Jane's Addiction made its name by playing small, volatile venues, so the pristine, shopping mall-esque Aerial Theater at Bayou Place seemed poised to be de-virginized by Farrell's sinister stage design.

He utilized his traditional motif of Christmas lights and Pagan god statues, but this time he added a Tahitian prom theme complete with towering tropical plants, thatched staging and platforms that housed voluptuous dancers.

The eager crowd was greeted with mammoth renditions of "Stop" and "Then She Did" from Ritual de lo Habitual.

"Then She Did" was immense, but it was "Stop" that initiated the frenetic mosh pit that seldom let up. Guitarist Dave Navarro, bare-breasted and perched atop his speaker in fishnet stockings and a leather miniskirt, churned out his unforgiving power chords and squealing solos, while drummer Stephen Perkins created a surging, thunderous backbeat.

Bassist Flea, on break from the Red Hot Chili Peppers, provided the perfect compliment to Navarro and Perkins. His frantic energy was a welcome addition to the lineup, as original bassist Eric Avery chose not to rejoin the group for the tour.

Flea rarely slapped or popped through his lines, his signature style, in his effort to stay true to the Jane's sound. Only in a lineup that boasted Farrell and Navarro would Flea be an afterthought.

Farrell played the maniacal ringleader, leading the crowd in sing-a-longs and gulping down expensive bottles of wine. He shrieked through "Mountain Song" and "Ain't No Right."

With hair coiled out in a perfect match to his exotic shrubbery, Farrell stripped off his cowboy shirt and gyrated through each song. He disappeared, then flashed the upper balcony with a spotlight as he sang his trippy, heroin-laced "Summertime Rolls," and his exotically evil dancers swayed and teased, creating a perversely tantalizing ballet.

Farrell and the band then sneaked to a previously-ignored back stage. They went acoustic for the crowd-pleasing "Jane Says" and "Classic Girl," which Farrell dedicated to the women in the audience, who ceremoniously created a wave for a starstruck female fan.
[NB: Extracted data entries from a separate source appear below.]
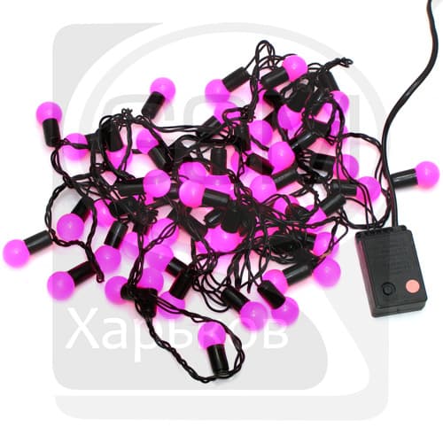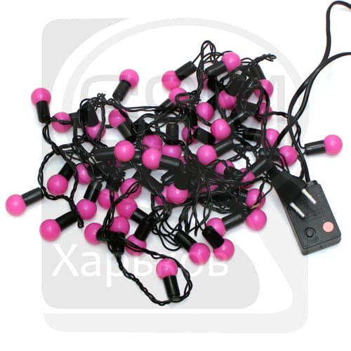 Гирлянда домашняя, 50 светодиодов в розовых шариках, 2 см, розовый свет, чорний провод
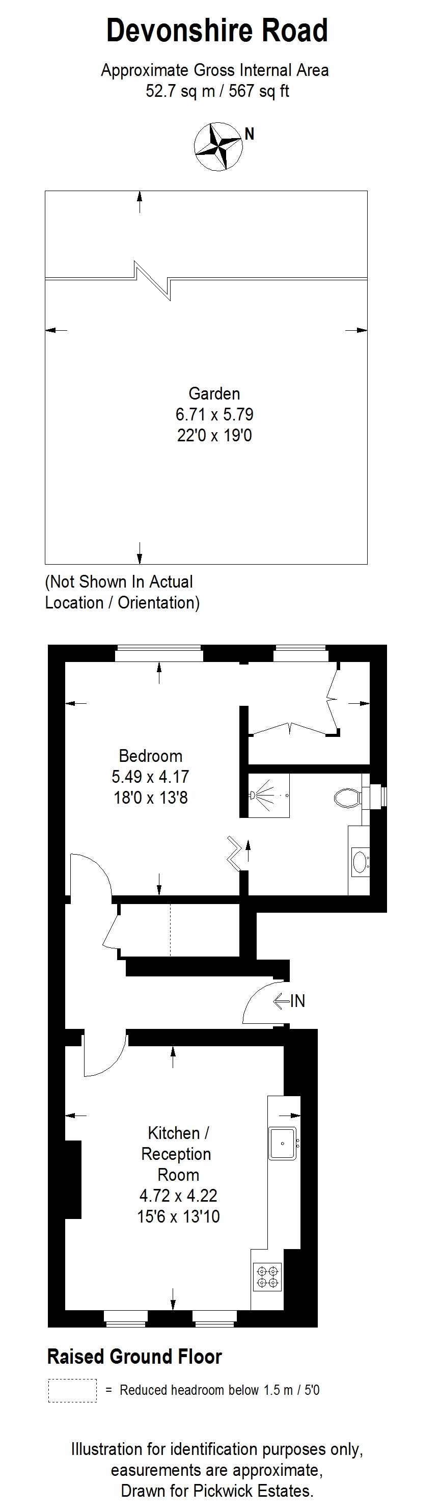 Beautifully presented one-bedroom flat, set on the raised ground floor of this spectacular semi-detached red brick Victorian house. This impressive property has kerb appeal in abundance and it also benefits from its own private landscaped rear garden, off street parking and is being sold with a SHARE OF FREEHOLD. Raised ground floor steps lead up to the front entrance of the building where there is a well-maintained communal entrance hall. At the front of the property is the main reception room which is dominated by a large floor to ceiling sash windows that fills the room with natural light. As the flat is set on the raised ground floor the reception room is located high above the street level allowing plenty of privacy. The room is stylishly decorated with high ceilings engineered wood flooring, stylish column radiators and a charming original feature fireplace. The kitchen open plan to the reception room set to side of the room and offers plenty of base and wall mounted white units with integrated appliances. It has a metro tiled splashback with a wooden worktop housing the sink and hob with oven below and extractor above. The bedroom is a good size double with more engineered wood flooring, high ceilings with cornicing and nice green views over the rear gardens via the large sash window that has a lovely column radiator beneath. No need for wardrobes! The bedroom has its own walk-in wardrobe! Filled with tall bespoke fitted cupboards and a large sash window for natural light and pleasant views. The bathroom is partially tiled with natural-coloured walls and floors, including a nice walk-in shower enclosure, a toilet and a wash hand basin that sits on a vanity cupboard that also houses the washing machine. A window above the toilet allows for natural light and ventilation. The garden is completely private to this flat and has been nicely landscaped to create a lovely low maintenance space to enjoy in warmer months. There is a central sandstone patio surrounded by horizontal fencing with raised beds that are full of mature pants and shrubs offering plenty of privacy. Located further down the garden makes this space a sun trap and offers more seclusion from the surrounding trees too. Devonshire Road is a much-loved street stretching form Forest Hill town centre to Honor Oak. This home is at the Forest Hill end, in the conservation area, only a few minutes' walk to the independent shops and cafés found nearby and the magical Devonshire Road nature reserve. Forest Hill station is just 5-minutes away, (less than 500 metres) has services to London Bridge, Victoria and London Overground links to Canada Water, Shoreditch, Hoxton, Dalston Junction and Highbury & Islington. At the end of the street is St David's which is the prettiest coffee shop you could wish for, there are superb nights at The Signal and some great pizza places. You'll also find a Sainsbury's, Post Office, WH Smiths, Boots, delicatessens and modern swimming pool/leisure centre. Horniman Museum and Gardens is very close and holds regular farmers' markets, great summer events and a butterfly sanctuary, while Sydenham Woods is also within walking distance.
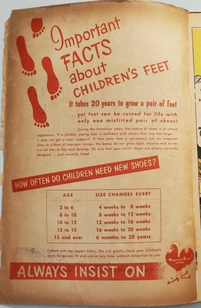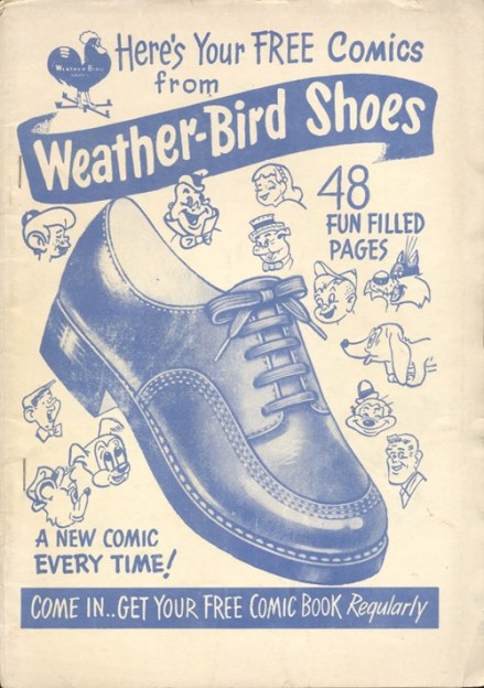 Weather-Bird Comics were distributed by the Peters Shoe Company, based in St. Louis, USA between 1951 and 1958. The comics were a free promotional give-away item wherever Weather-Bird Shoes were sold.
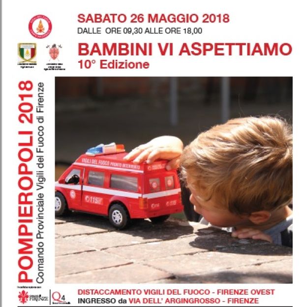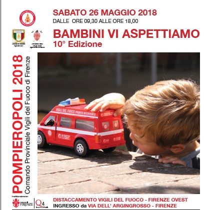 FIRENZE – Si terrà sabato 26 Maggio l’attesissima Manifestazione denominata Pompieropoli, presso il Distaccamento VVF Firenze Ovest (Viadotto Indiano), immancabile appuntamento per tutti i bambini
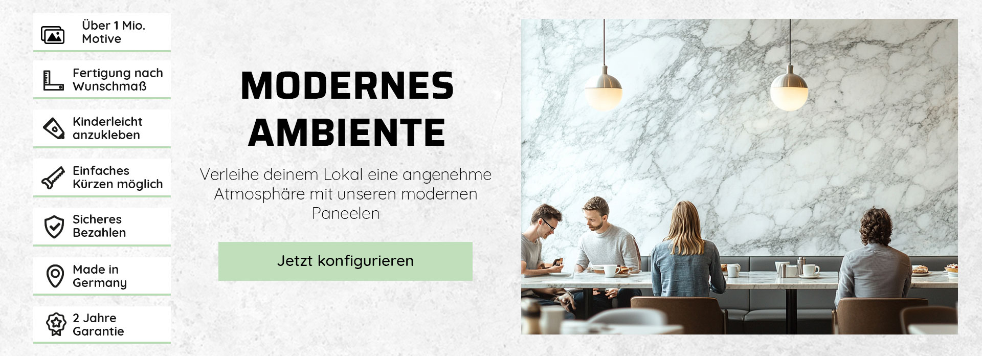 Wir von dedeco stehen dir bei deinen kreativen Gestaltungsideen zur Seite und stellen Wandpaneele nach individuellen Motiven und Maßen her. Mit langjähriger Erfahrung und Spezialwissen im Bereich Raum- und Wandgestaltung sowie einer eigenen Inhouse-Designagentur modernisieren wir mit individuellen Rückwänden deine Räumlichkeiten in Mietwohnungen, Eigenheimen, auf Großveranstaltungen sowie in Gastronomien und Hotellerien.

Farrell then paid homage to his past, admitting his love for playing live and cocaine while creating the perfect segue for his tribute to heroin, the percussion-charged "Chip Away," in which Navarro, Flea and Perkins banged drums in unison.

For new fans, the show was a shocking introduction to a band that perhaps was too innovative for its own good. For old fans, it was a biting reminder of the past, as Jane's Addiction came, teased, inspired and left, with only the Wizard of Oz's "Over the Rainbow" as consolation.